TRY IT –
Lines below that hold the word "with" must be copied in full.

DATA SECTION –
★ ★ ★ ★

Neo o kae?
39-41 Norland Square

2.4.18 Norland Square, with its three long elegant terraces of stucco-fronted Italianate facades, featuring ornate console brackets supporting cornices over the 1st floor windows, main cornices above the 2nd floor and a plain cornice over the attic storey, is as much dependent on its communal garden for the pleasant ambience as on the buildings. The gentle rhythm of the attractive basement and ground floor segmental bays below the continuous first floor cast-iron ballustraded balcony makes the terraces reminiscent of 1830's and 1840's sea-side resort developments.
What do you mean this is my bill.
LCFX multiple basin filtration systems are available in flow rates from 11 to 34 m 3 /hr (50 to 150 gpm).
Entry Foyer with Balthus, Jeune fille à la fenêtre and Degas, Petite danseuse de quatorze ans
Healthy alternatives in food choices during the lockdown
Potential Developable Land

★ ★ ★ ★

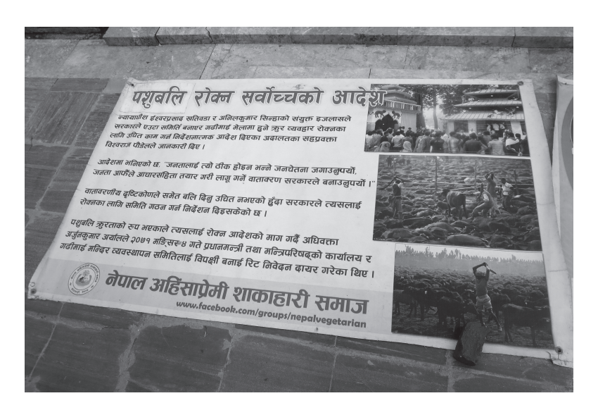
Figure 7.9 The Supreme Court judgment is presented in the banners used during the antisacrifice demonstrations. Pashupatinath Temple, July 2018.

★ ★ ★ ★

WRITTEN REPLY –
2.4.18 Norland Square, with its three long elegant terraces of stucco-fronted Italianate facades, featuring ornate console brackets supporting cornices over the 1st floor windows, main cornices above the 2nd floor and a plain cornice over the attic storey, is as much dependent on its communal garden for the pleasant ambience as on the buildings. The gentle rhythm of the attractive basement and ground floor segmental bays below the continuous first floor cast-iron ballustraded balcony makes the terraces reminiscent of 1830's and 1840's sea-side resort developments.
Entry Foyer with Balthus, Jeune fille à la fenêtre and Degas, Petite danseuse de quatorze ans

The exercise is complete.